I went back to the Minister and said, “There is no way you are going to get any federal help.” They, the feds, thought that there had to be some kind of ulterior motive for moving in that direction. It was an outright no, I told her. She said, “I’ll give you two days to revise the cabinet submission.” With cabinet submissions, there’s a process. And it had gone through that process before it actually got to cabinet by having to rewrite the submission that took out any reference to part A, and move it strictly as a subject of instruction. And it passed, went through cabinet.
So there is a policy in Ontario of teaching native languages as a subject. Three months before this became policy, the Ministry announced that the teaching of French was compulsory beginning in grade 4. The native language [instruction] was open to any kid; it wasn’t just for native kids.
JT: This is in the 1980s, right?
KL: This is 1985, ’86. And that was the policy. If there were Indian kids who were being taught the native language in grade 1 all the way through to grade 12 – if they had been taught Mohawk, for example, for the first three years – by the time they had got to grade 4 when they were supposed to be taught French, they could be exempt from taking French in their school life and continue on with that native language through to high school.
REFERENCES
1. Walter Currie served from 1968 to 1971 as president of the Indian-Eskimo Association, predecessor of the Canadian Alliance in Solidarity with the Native Peoples (CASNP), and from 1969 to 1971 as chairman of the Toronto Indian Friendship Centre. He was the first chair of Trent University’s Native Studies Department, from 1971-75.

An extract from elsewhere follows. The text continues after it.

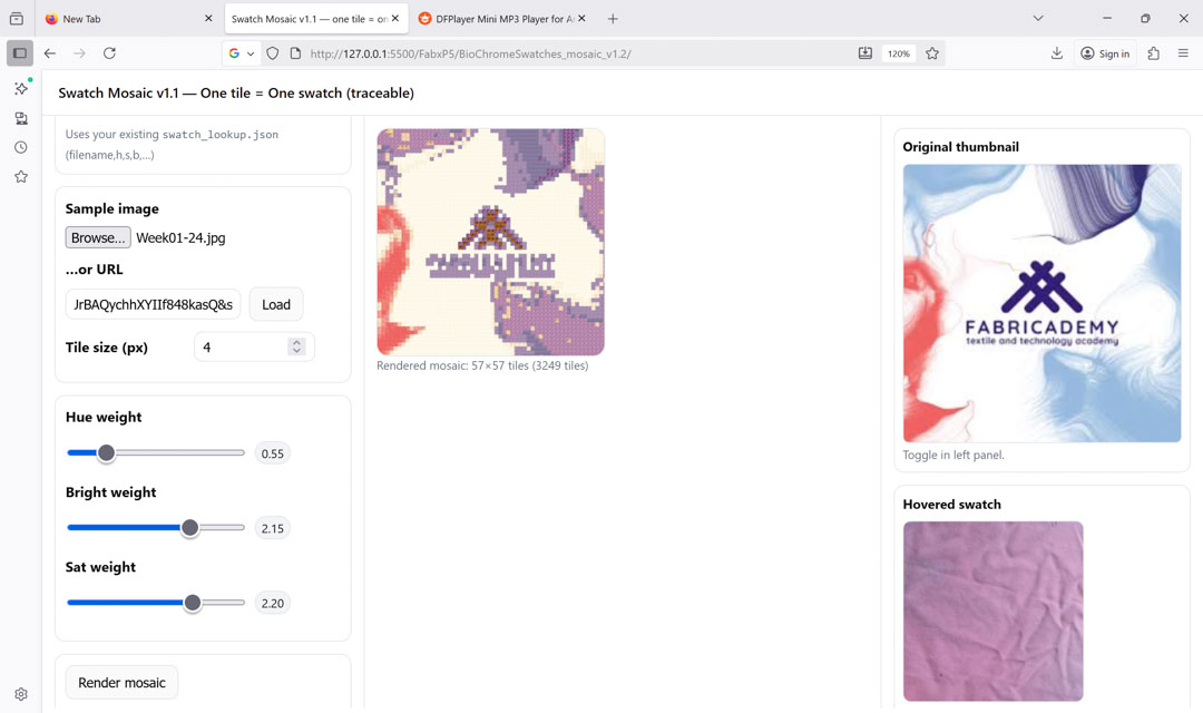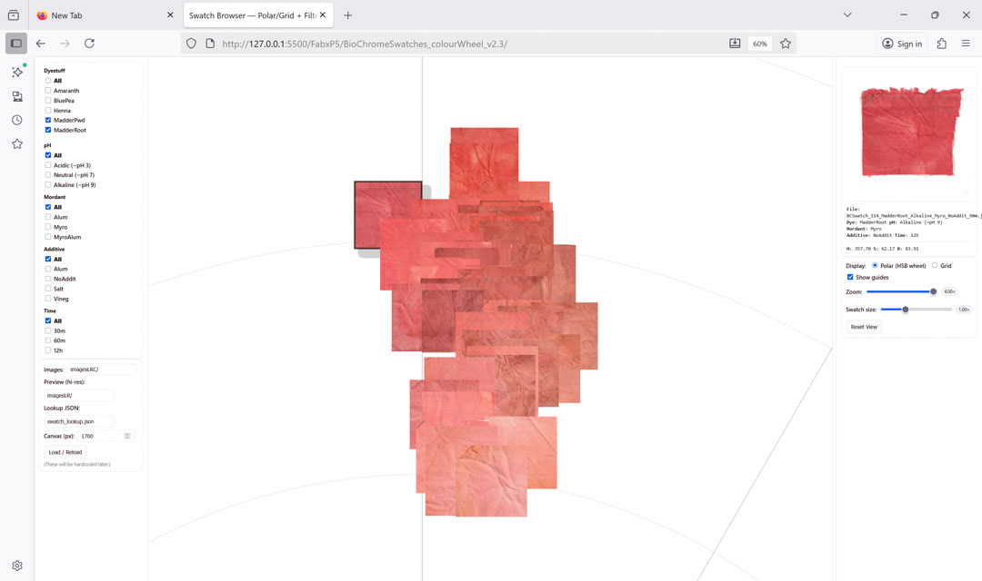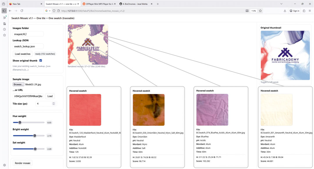 Finally, I have launched and hosted the tool as a repo on my personal Github page. Since the page also loads 2 sets of swatches, the storage required is about 20-25 mb. This isn't much for a Github page, but would absolutely mess with the Fabricademy Gitlab website sizes, so I thought it best to host it separately.

2. In the summer of 1969 Keith Lickers’ father and retired lawyer, Norman Lickers, was one of the first to protest the Trudeau-Chretien “White Paper” on behalf of the Six Nations Band Council. Jacqueline Briggs’s paper for the Law Society of Upper Canada, “Legal Professionalism in the Life and Career of Norman Lickers” is available from the Law Society of Ontario.
3. The Canadian federal government has a ‘fiduciary duty’ as inheritor of treaty and other crown obligations to sustain native people, including providing for education. But within the Canadian state, education is constitutionally a provincial responsibility, and provinces may further ‘contract out’ the operations. Churches provided the day-to-day administration, and got to “save souls” doing it. The provinces developed curriculum but no real native studies curriculum because they didn’t believe it was useful and didn’t want to implant any foreign or unknown ideas. Churches relied on municipal boards of education for extra textbook materials, followed local teaching plans except for religion.

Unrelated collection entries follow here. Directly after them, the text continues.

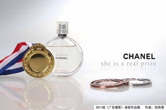 这幅广告摄影作品的创意灵感来自于《纸牌屋》中形容Clare的台词:“She is just a real prize.”——得到她,就像是得到了premium prize. 而香水是女人的另一种身份。因而将Chanel Chance 表现为金牌,一语双关,即指香水也是指使拥有这香水的佳人。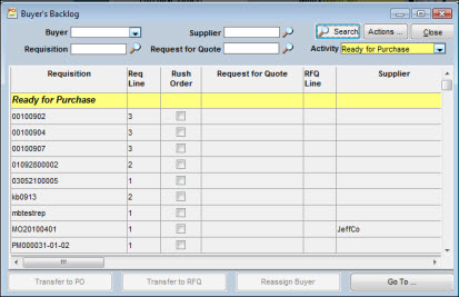 From the Buyer’s Backlog window you have the option of searching for requisition items to transfer to a new or existing Request for Quote.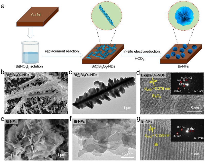 betway西汉姆联金钟团队设计并成功合成了由Bi@Bi2O3纳米枝晶(Bi@Bi2O3-NDs)转化而得的Bi纳米花材料(Bi-NFs)(图1),用于高效电催化CO2RR生产甲酸,实现了92.3%的高法拉第效率。此外,该工作探明了Bi基催化剂在电催化中以Bi2O2CO3为中间体的两步原位重构过程。进一步地,通过原位拉曼光谱,证实了催化过程中还原形成的0价Bi活性中心对于*OCHO中间体的选择性稳定吸附,这是实现高选择性的关键因素。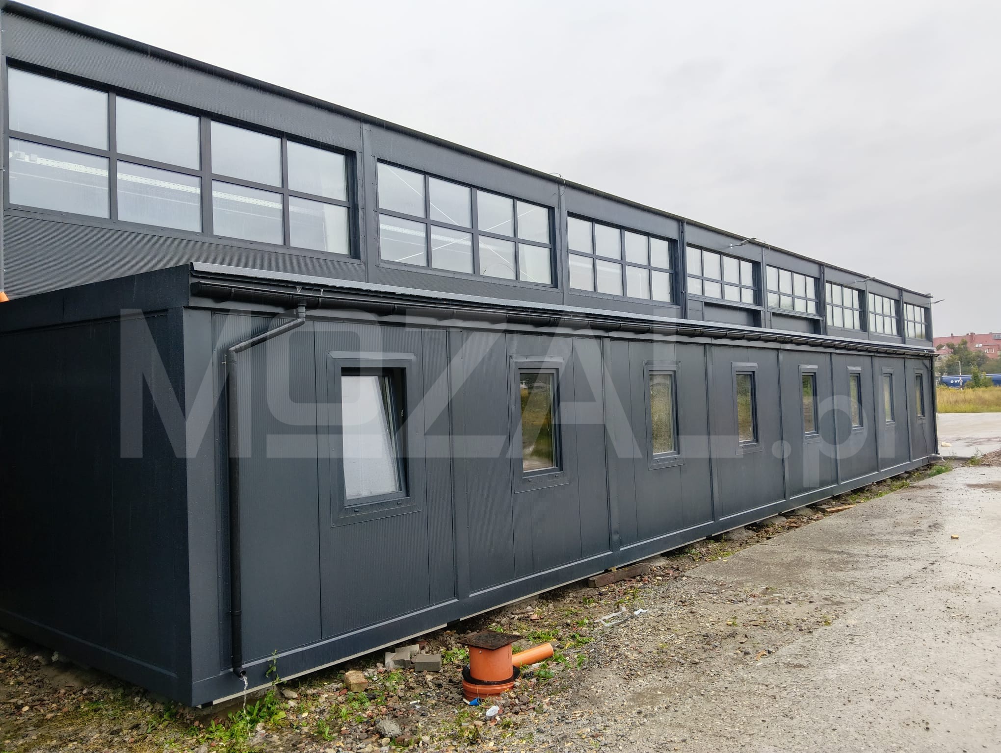 Produkujemy nowoczesne całoroczne pawilony biurowe, wykonane w oparciu o konstrukcje stalowe i wysokiej jakości płytę warstwową, inaczej zwaną obornicką. Płyta warstwowa o odpowiedniej grubości spełnia Obecne Normy Budowlane. Nasze mobilne biura, tworzymy w oparciu o lekkie konstrukcje, ramy stalowe które umożliwiają szybkie przeniesienie budynku z jednego miejsca inwestycji w kolejne. Cena pawilonu uwarunkowana jest ilością stolarki okiennej oraz drzwi, wykonanej z aluminium lub PCV.
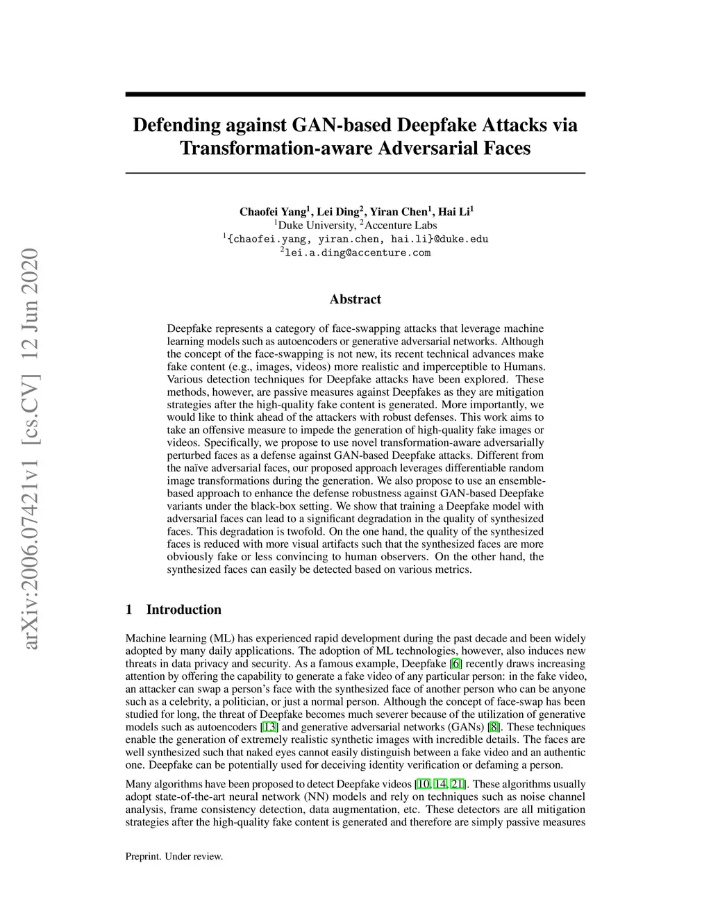 Deepfake represents a category of face-swapping attacks that leverage machine learning models such as autoencoders or generative adversarial networks. Although the concept of the face-swapping is not new, its recent technical advances make fake content (e.g., images, videos) more realistic and imperceptible to Humans. Various detection techniques for Deepfake attacks have been explored. These methods, however, are passive measures against Deepfakes as they are mitigation strategies after the high-quality fake content is generated. More importantly, we would like to think ahead of the attackers with robust defenses. This work aims to take an offensive measure to impede the generation of high-quality fake images or videos. Specifically, we propose to use novel transformation-aware adversarially perturbed faces as a defense against GAN-based Deepfake attacks. Different from the naive adversarial faces, our proposed approach leverages differentiable random image transformations during the generation. We also propose to use an ensemble-based approach to enhance the defense robustness against GAN-based Deepfake variants under the black-box setting. We show that training a Deepfake model with adversarial faces can lead to a significant degradation in the quality of synthesized faces. This degradation is twofold. On the one hand, the quality of the synthesized faces is reduced with more visual artifacts such that the synthesized faces are more obviously fake or less convincing to human observers. On the other hand, the synthesized faces can easily be detected based on various metrics.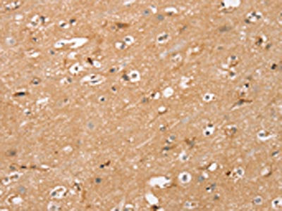 The image on the left is immunohistochemistry of paraffin-embedded Human brain tissue using CSB-PA574803(RASA3 Antibody) at dilution 1/35, on the right is treated with synthetic peptide. (Original magnification: ×200)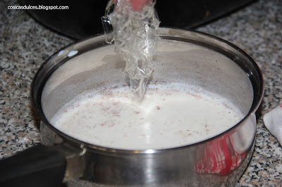En la leche que tenemos en el cazo disolvemos, una vez que ha hervido, la gelatina previamente hidratada.

4. In Ontario, the provincial government develops and issues curriculum standards. Municipal boards, such as Brant County’s Board of Education, organize and deliver day-to-day teaching.
5. For more about Keith Lickers’s views on language policy, see his journal article “Native Languages and the Role of Research in Formulating Language Policy,” originally published in the TESL Canada Journal (vol.5, no.2) in March 1988. Available at http://files.eric.ed.gov/fulltext/EJ387334.pdf.
6. Photograph of female student at James Bay area residential school, c. 1970, by Mildred Young Hubbert.